Now hast thou but one bare hour to live,
And then thou must be damned eternally,to the
closing moments of his life when he is dragged away
by devils.
 Everything had to be conveyed to the
audience through the words and there is
little doubt that the audience had better
memories and probably higher powers of
attention than we do today, so that they
took in and retained the information given
to them.
 Most people could not read so they had to rely
on word of mouth and on memory; this is
apparent in Romeo and Juliet when the Servant is
sent to bid the Capulet's guests to dinner. He
can't read the list he has been given and he asks
Romeo to read it through to him; he hears it read
once and then goes off to find the guests; yet,
there are thirteen people on the list to say
nothing of sisters, wives, daughters, nieces and
so on.
 There were no programmes so plays were
often preceded by a 'Dumb Show' which
was in effect a sort of synopsis of the
action. Though there is no evidence that
Shakespeare's own plays had such a
preliminary, we see him making use of this
convention in " The Mousetrap" in Hamlet.
Entrances and Exits
 Perhaps the most significant influence upon the
plays was the nature of the Elizabethan stage.

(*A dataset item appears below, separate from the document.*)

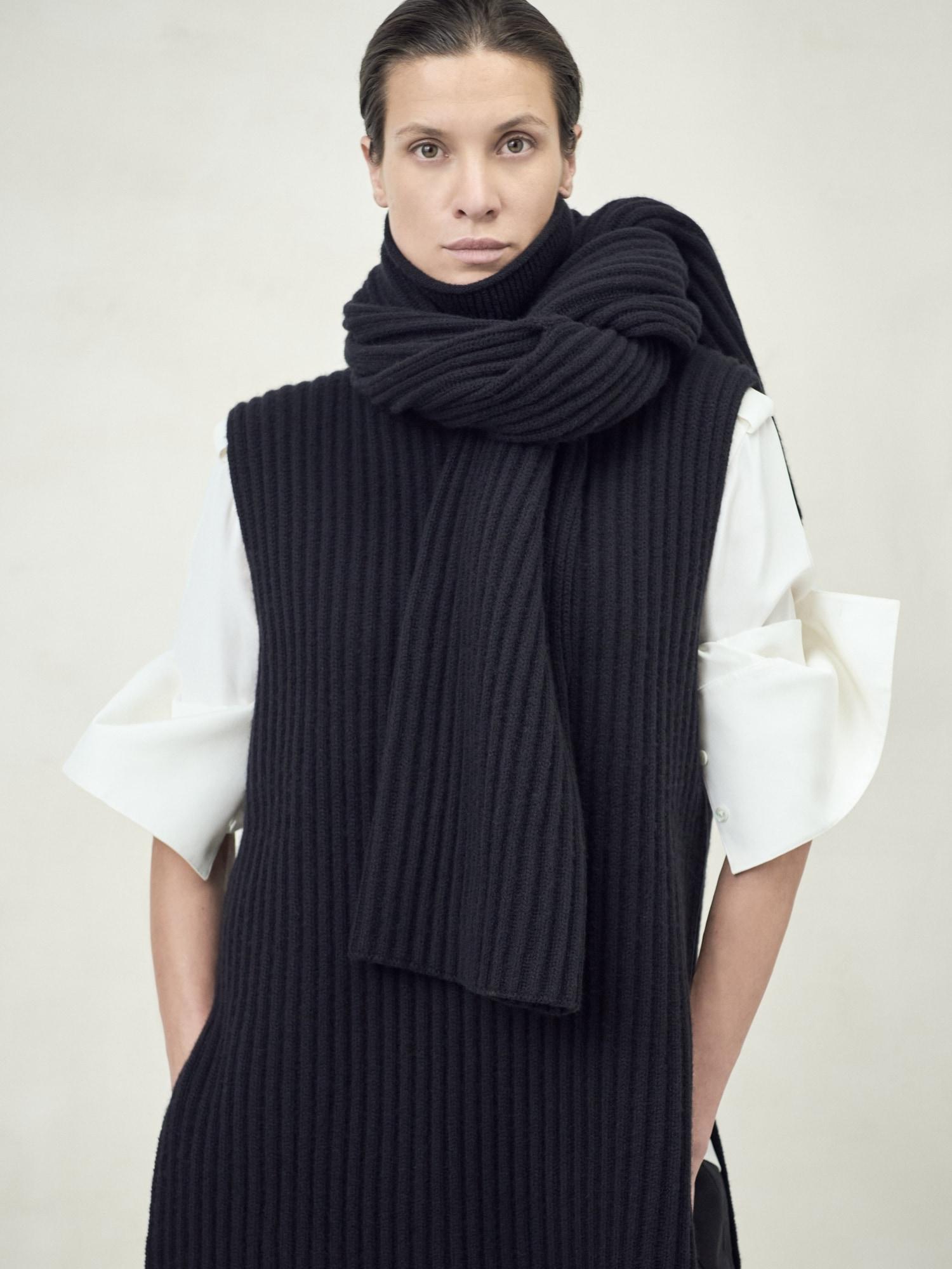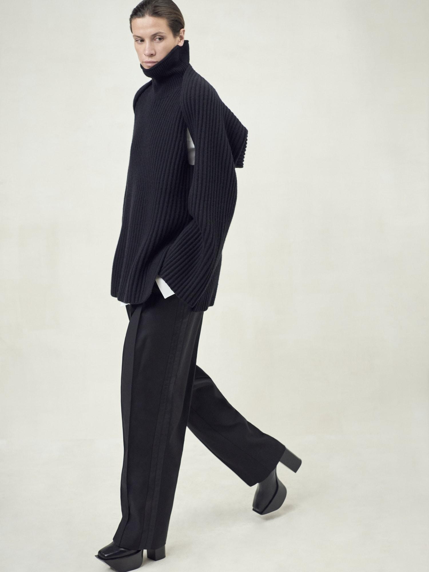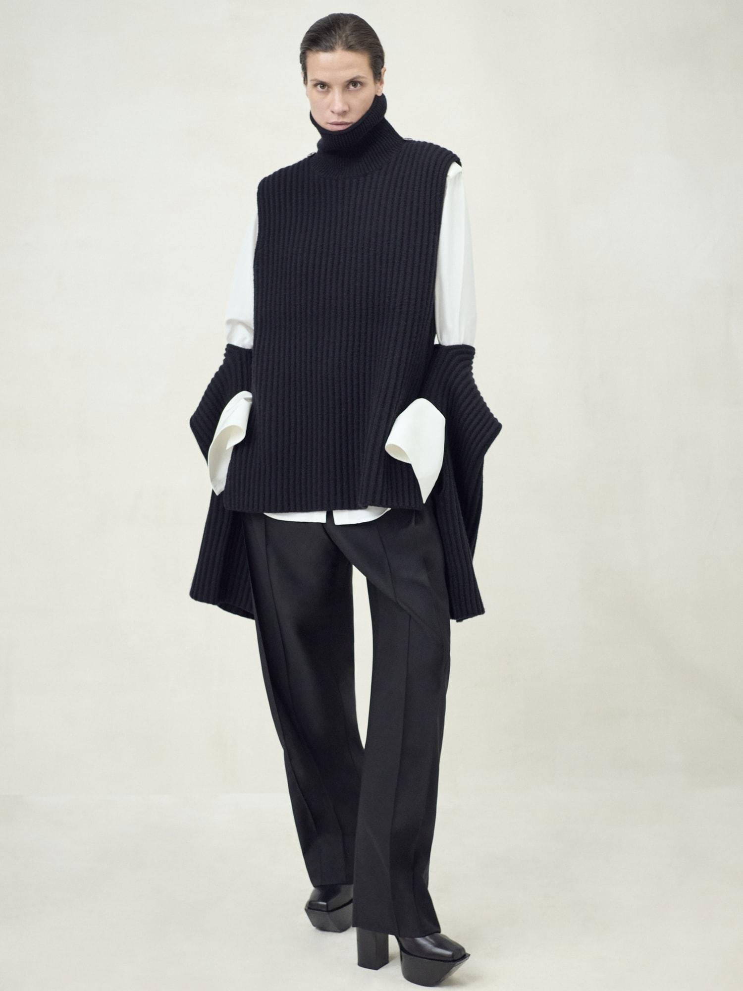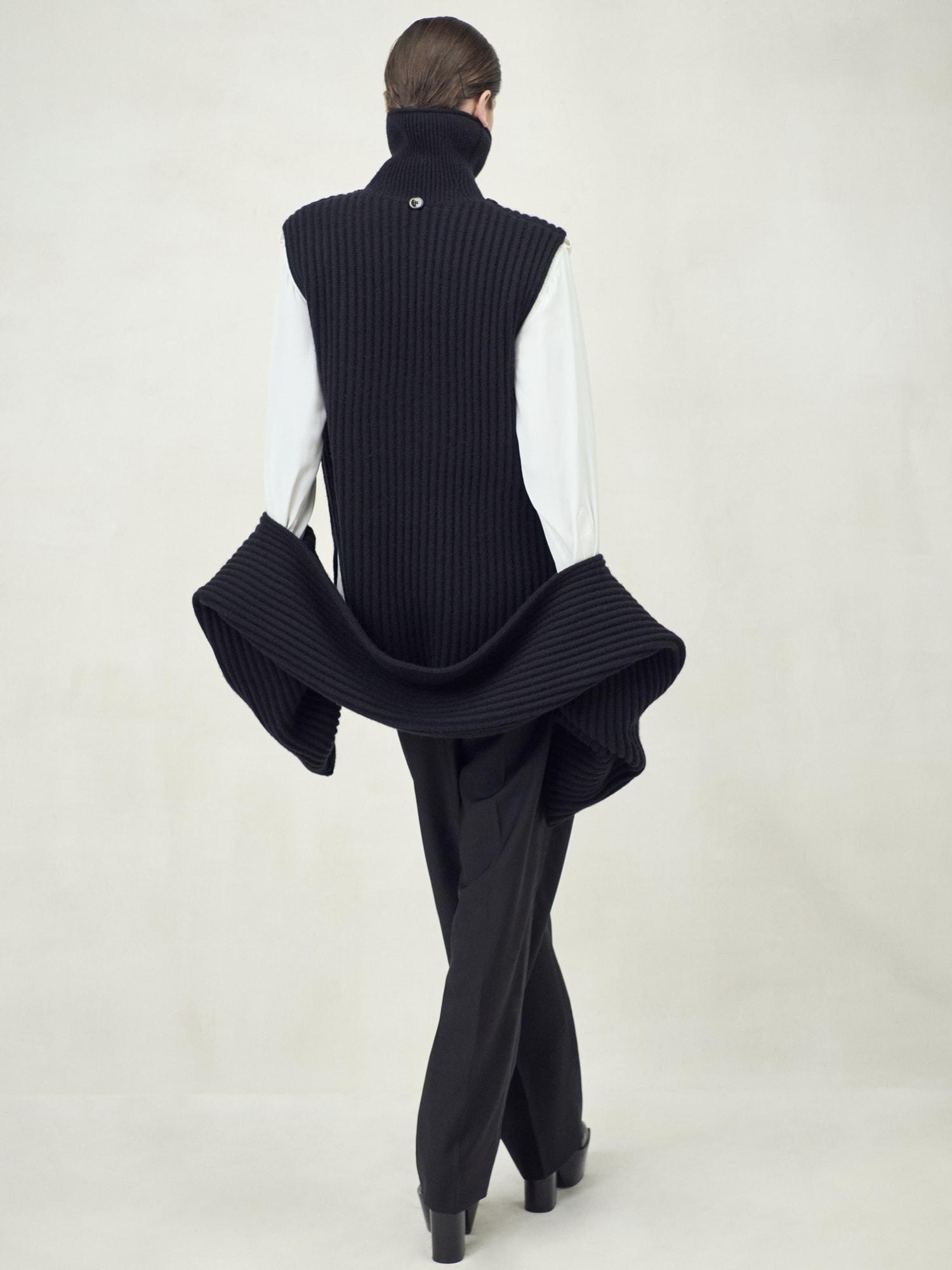 Celebrated designer Peter Do leverages iconic Banana Republic silhouettes in this limited-edition capsule collection, reimagining them in modern, multifunctional pieces marked by refined tailoring. Borrowing from a classic BR sweater from the 1990s, this signature two-piece design is knitted from ribbed cashmere with an oversized mock vest and detachable shrug whose cape-like sleeves can be worn multiple ways. Turtleneck. Detachable shrug attaches with button at back neck. Straight hem.

Being an apron stage it was not possible to draw
curtains across it and, since it was essentially an
open air stage it was never possible to hide it in
darkness. As a result, Shakespeare could not
open or close plays - or even scenes - with a set
scene or a great dramatic gesture.
 Remember - it took half an hour to get the
audience in or out and they could all the
time see anything that was going on on
the stage. Thus, Shakespeare would start
his plays perhaps with a procession or with
two characters walking on, talking to each
other; later scenes often start with such
words as, "Look where he comes" or some
such introductory words.
 More of a problem was getting the dead off the
stage at the end of a tragedy. A modern
playwright would be able to swallow up the end
of Hamlet in darkness or draw curtains across the
front of the stage. But the Elizabethan audience
could see the stage as they slowly made their
way out of the theatre. How the illusion would be
spoilt, the spell broken, if the mutilated bodies
should rise and walk off the stage!
 So Shakespeare had to find methods to
remove the dead:
Let four captains
Bear Hamlet like a Soldier to the stagecries
Fortinbras, or Octavius Caesar says of
Cleopatra, Take up her bed
And bear her women from the monument.
 It was the exigencies of his theatre that forced
Shakespeare to end his tragedies with the
tension lowered, the forces of evil losing hold
and normality gaining control, He is often
praised for his psychological understanding of
his audience - not allowing them to rush out into
the streets when emotion was at its height, but
calming them down, sending them out quietly.
 He certainly understood the power at his
command, for he shows in Julius Caesar
how Antony rouses the crowd and what
the results of sending an audience away in
a highly tense and emotional state can be.